I have coded up a function to blur my sight and reduce the resolution of the adjacency matrix I’m working on.

```
function lower_resolution(
Matr::M,
Rows::I, Columns::I,
Rtresolution::N, Ctresolution::N
) where {M<:AbstractMatrix, I<:AbstractArray, N<:Int}
Is, Js = size(Matr)
I_chunks = collect(Iterators.partition(Rows, cld(Is,Rtresolution)))
J_chunks = collect(Iterators.partition(Columns, cld(Js,Ctresolution)))
Rresolution, Cresolution = length(I_chunks), length(J_chunks)
Low_dim = Array{Int64}(undef,Rresolution,Cresolution)
for iₗ in 1:Rresolution, jₗ in 1:Cresolution
@inbounds Low_dim[iₗ, jₗ] = sum(Matr[Rows[I_chunks[iₗ]],Rows[J_chunks[jₗ]]])
end
return Low_dim
end
```

```
lower_resolution (generic function with 1 method)
```

We can use `lower_resolution()`

to produce a low resolution version of some input matrix:

```
plot(
heatmap(Matrix(Msp), title = "Full resolution"),
heatmap(Matrix(lower_resolution(Msp,1:31,1:18,2,2)), title = "2×2"),
heatmap(Matrix(lower_resolution(Msp,1:31,1:18,3,3)), title = "3×3"),
heatmap(Matrix(lower_resolution(Msp,1:31,1:18,6,4)), title = "6×4")
)
```

Solving the lower resolution problems first is going to be much easier, and should bring us much closer to a decent solution. In the next days the project is to clean up the mesh refinement optimization.

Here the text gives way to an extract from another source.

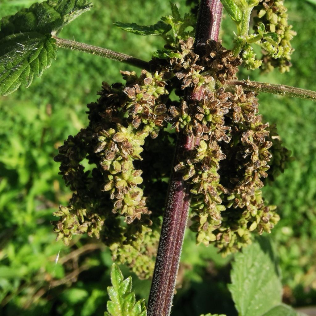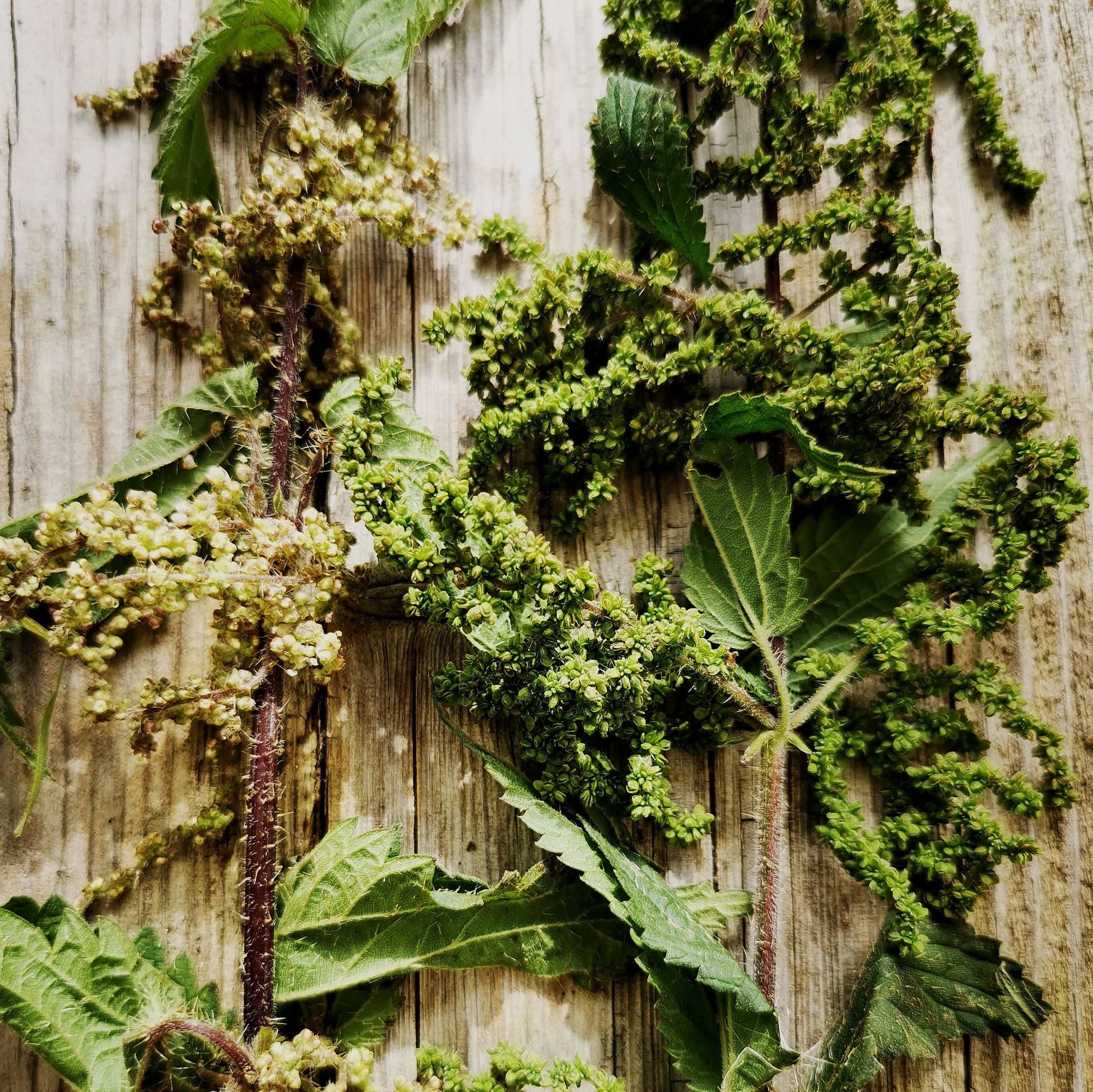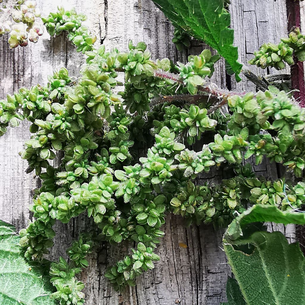 Außerdem ist es gut zu wissen, dass es männliche und weibliche Brennnesselpflanzen gibt. Während die weiblichen blühen und Samen bilden, verbreiten die männlichen Pollen. Die Pollenstände sehen auf den ersten Blick fast aus wie Samen, sie sind jedoch rund, deutlich gelblicher in der Farbe und sie stehen eher ab (im linken Bild auf der linken Seite zu sehen). Die weiblichen Samen haben dagegen eine flache, elliptische Formund hängen in Rispen herunter. Wenn man männliche statt weiblicher Pflanzenteile isst, ist das allerdings nicht schlimm; die männlichen enthalten nur nicht die wertvollen Inhaltsstoffe.

Things that require some focus are:
1. keeping track of the indexes across the resolution levels: when we swap at
one level, we need to swap also at the finer levels accordingly.
2. the `normalize_score()`

function was meant for binary (0,1) matrices. Now,
we need to extend it to work on lower resolution matrices which entries are the
sum of the higher resolution ones. Thus, they are no more binary.